_Exercise requirements_
Strip out all images, then restate the data verbatim.

Records from a data source:

########

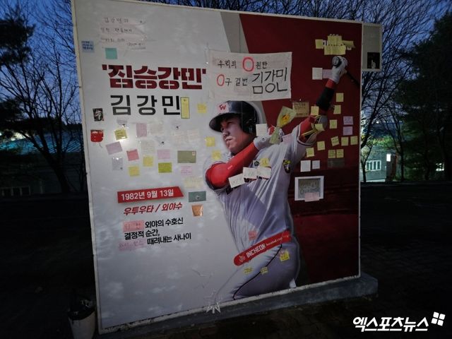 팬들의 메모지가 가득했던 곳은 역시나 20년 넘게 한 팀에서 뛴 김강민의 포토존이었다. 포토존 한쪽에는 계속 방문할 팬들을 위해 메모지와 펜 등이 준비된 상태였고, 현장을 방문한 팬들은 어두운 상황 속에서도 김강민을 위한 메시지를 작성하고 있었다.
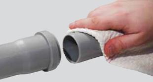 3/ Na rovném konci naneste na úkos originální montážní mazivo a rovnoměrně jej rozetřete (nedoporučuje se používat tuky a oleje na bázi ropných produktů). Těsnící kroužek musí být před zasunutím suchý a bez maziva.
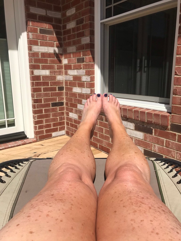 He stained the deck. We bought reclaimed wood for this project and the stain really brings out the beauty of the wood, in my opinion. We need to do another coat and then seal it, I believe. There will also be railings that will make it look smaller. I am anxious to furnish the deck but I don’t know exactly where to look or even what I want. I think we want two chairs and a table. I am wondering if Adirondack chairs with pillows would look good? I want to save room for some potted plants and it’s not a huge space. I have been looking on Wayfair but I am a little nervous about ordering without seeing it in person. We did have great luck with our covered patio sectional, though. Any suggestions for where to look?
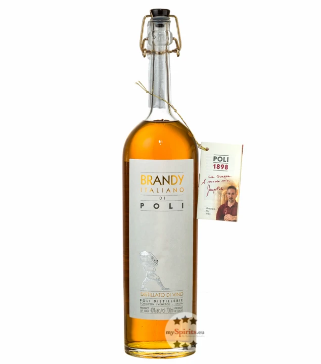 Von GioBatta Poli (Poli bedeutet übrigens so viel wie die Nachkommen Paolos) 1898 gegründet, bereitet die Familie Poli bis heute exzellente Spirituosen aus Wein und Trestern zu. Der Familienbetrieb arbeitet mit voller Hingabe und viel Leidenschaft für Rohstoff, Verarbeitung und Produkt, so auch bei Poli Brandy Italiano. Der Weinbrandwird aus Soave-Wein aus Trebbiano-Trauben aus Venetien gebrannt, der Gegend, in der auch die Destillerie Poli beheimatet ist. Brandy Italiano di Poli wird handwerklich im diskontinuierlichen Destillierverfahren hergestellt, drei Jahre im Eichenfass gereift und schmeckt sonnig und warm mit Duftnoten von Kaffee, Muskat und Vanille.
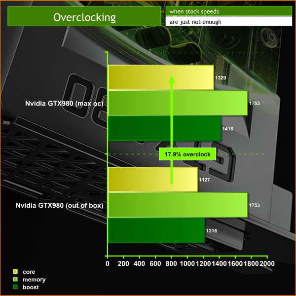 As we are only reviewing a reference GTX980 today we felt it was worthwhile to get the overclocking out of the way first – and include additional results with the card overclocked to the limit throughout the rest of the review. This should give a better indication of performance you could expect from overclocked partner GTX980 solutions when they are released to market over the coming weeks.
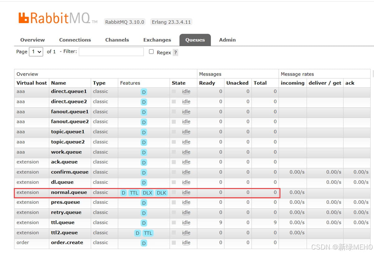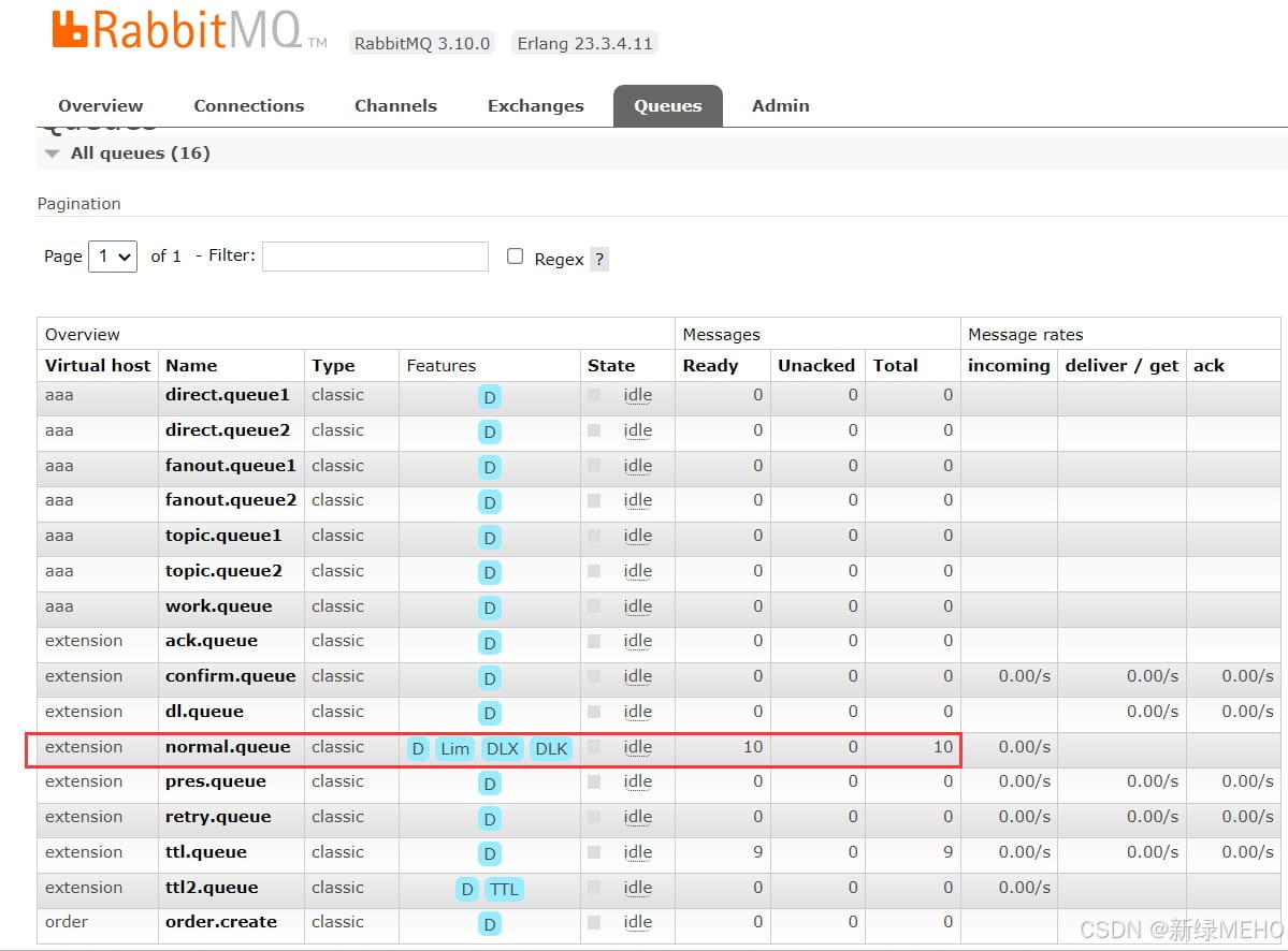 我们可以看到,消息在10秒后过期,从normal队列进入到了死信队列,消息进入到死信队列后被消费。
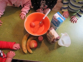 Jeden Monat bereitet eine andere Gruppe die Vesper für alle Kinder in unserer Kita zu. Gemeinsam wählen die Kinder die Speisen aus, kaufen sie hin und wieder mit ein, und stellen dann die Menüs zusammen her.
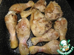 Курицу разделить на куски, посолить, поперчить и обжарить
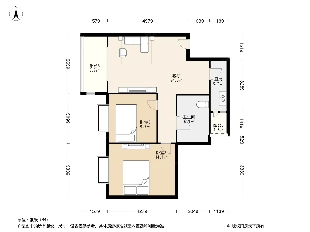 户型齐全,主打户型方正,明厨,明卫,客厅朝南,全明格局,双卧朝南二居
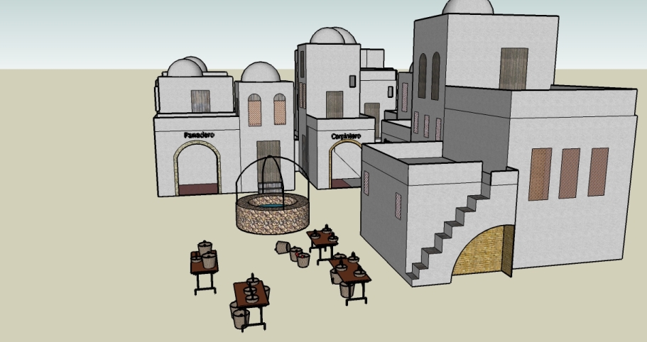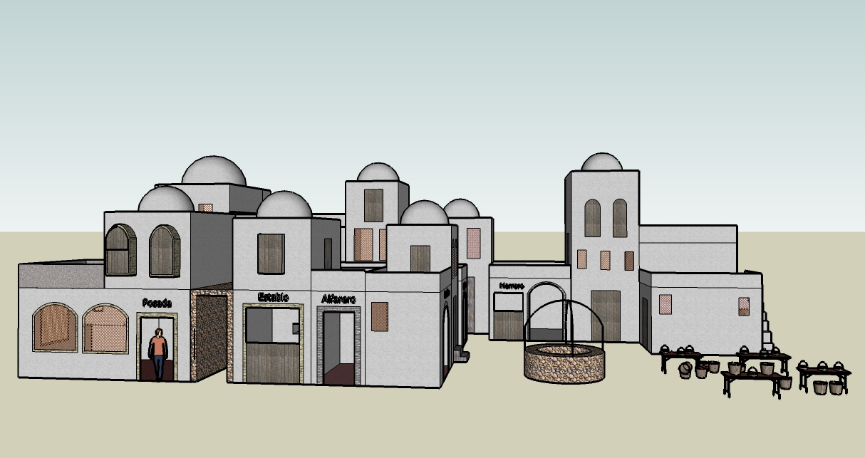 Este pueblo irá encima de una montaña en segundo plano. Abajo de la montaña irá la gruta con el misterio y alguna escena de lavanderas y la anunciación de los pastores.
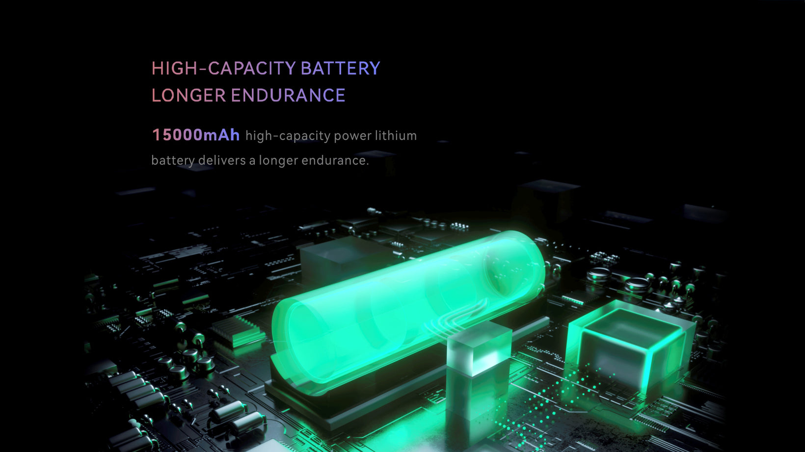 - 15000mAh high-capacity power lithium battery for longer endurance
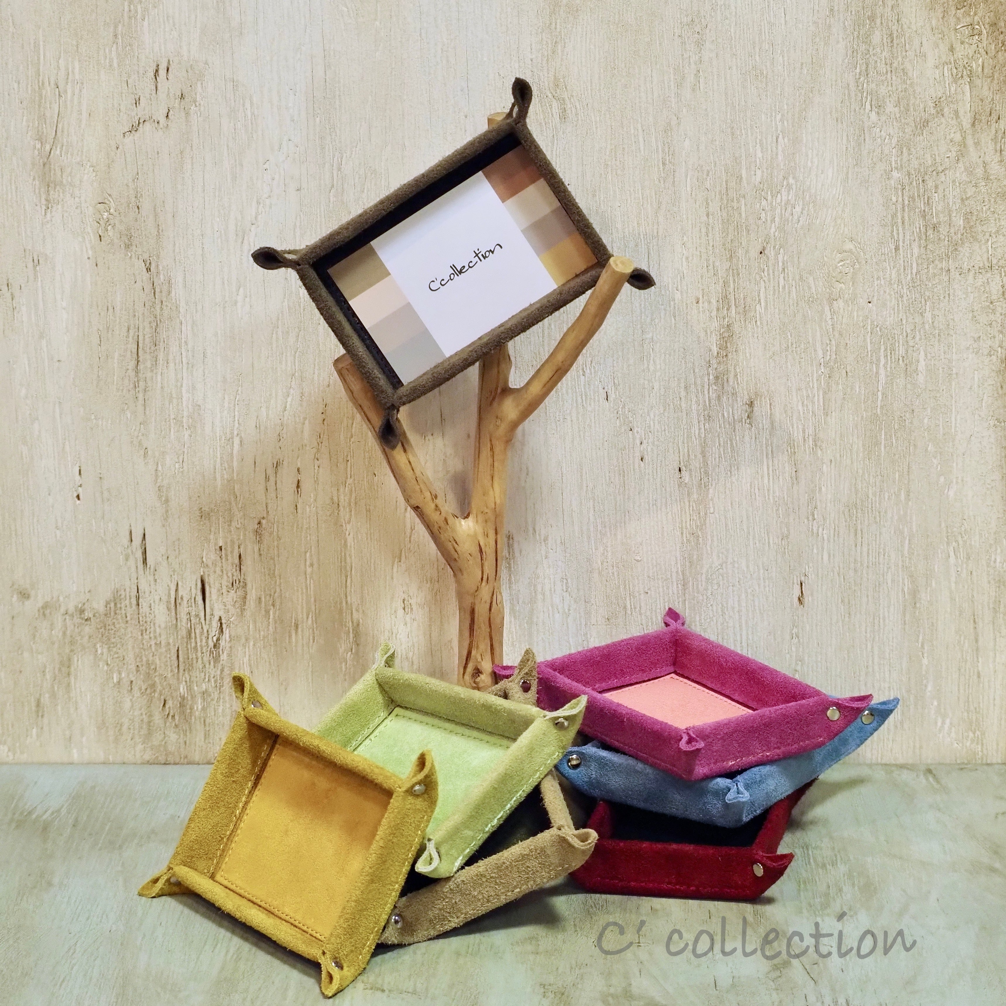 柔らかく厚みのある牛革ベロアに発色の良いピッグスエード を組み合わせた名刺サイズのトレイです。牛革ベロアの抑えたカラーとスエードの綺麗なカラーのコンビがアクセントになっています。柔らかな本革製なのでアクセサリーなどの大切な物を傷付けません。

########

_Completed task_
 팬들의 메모지가 가득했던 곳은 역시나 20년 넘게 한 팀에서 뛴 김강민의 포토존이었다. 포토존 한쪽에는 계속 방문할 팬들을 위해 메모지와 펜 등이 준비된 상태였고, 현장을 방문한 팬들은 어두운 상황 속에서도 김강민을 위한 메시지를 작성하고 있었다.
 3/ Na rovném konci naneste na úkos originální montážní mazivo a rovnoměrně jej rozetřete (nedoporučuje se používat tuky a oleje na bázi ropných produktů). Těsnící kroužek musí být před zasunutím suchý a bez maziva.
 He stained the deck. We bought reclaimed wood for this project and the stain really brings out the beauty of the wood, in my opinion. We need to do another coat and then seal it, I believe. There will also be railings that will make it look smaller. I am anxious to furnish the deck but I don’t know exactly where to look or even what I want. I think we want two chairs and a table. I am wondering if Adirondack chairs with pillows would look good? I want to save room for some potted plants and it’s not a huge space. I have been looking on Wayfair but I am a little nervous about ordering without seeing it in person. We did have great luck with our covered patio sectional, though. Any suggestions for where to look?
 Von GioBatta Poli (Poli bedeutet übrigens so viel wie die Nachkommen Paolos) 1898 gegründet, bereitet die Familie Poli bis heute exzellente Spirituosen aus Wein und Trestern zu. Der Familienbetrieb arbeitet mit voller Hingabe und viel Leidenschaft für Rohstoff, Verarbeitung und Produkt, so auch bei Poli Brandy Italiano. Der Weinbrandwird aus Soave-Wein aus Trebbiano-Trauben aus Venetien gebrannt, der Gegend, in der auch die Destillerie Poli beheimatet ist. Brandy Italiano di Poli wird handwerklich im diskontinuierlichen Destillierverfahren hergestellt, drei Jahre im Eichenfass gereift und schmeckt sonnig und warm mit Duftnoten von Kaffee, Muskat und Vanille.
 As we are only reviewing a reference GTX980 today we felt it was worthwhile to get the overclocking out of the way first – and include additional results with the card overclocked to the limit throughout the rest of the review. This should give a better indication of performance you could expect from overclocked partner GTX980 solutions when they are released to market over the coming weeks.
 我们可以看到,消息在10秒后过期,从normal队列进入到了死信队列,消息进入到死信队列后被消费。
 Jeden Monat bereitet eine andere Gruppe die Vesper für alle Kinder in unserer Kita zu. Gemeinsam wählen die Kinder die Speisen aus, kaufen sie hin und wieder mit ein, und stellen dann die Menüs zusammen her.
 Курицу разделить на куски, посолить, поперчить и обжарить
 户型齐全,主打户型方正,明厨,明卫,客厅朝南,全明格局,双卧朝南二居
 Este pueblo irá encima de una montaña en segundo plano. Abajo de la montaña irá la gruta con el misterio y alguna escena de lavanderas y la anunciación de los pastores.
 - 15000mAh high-capacity power lithium battery for longer endurance
 柔らかく厚みのある牛革ベロアに発色の良いピッグスエード を組み合わせた名刺サイズのトレイです。牛革ベロアの抑えたカラーとスエードの綺麗なカラーのコンビがアクセントになっています。柔らかな本革製なのでアクセサリーなどの大切な物を傷付けません。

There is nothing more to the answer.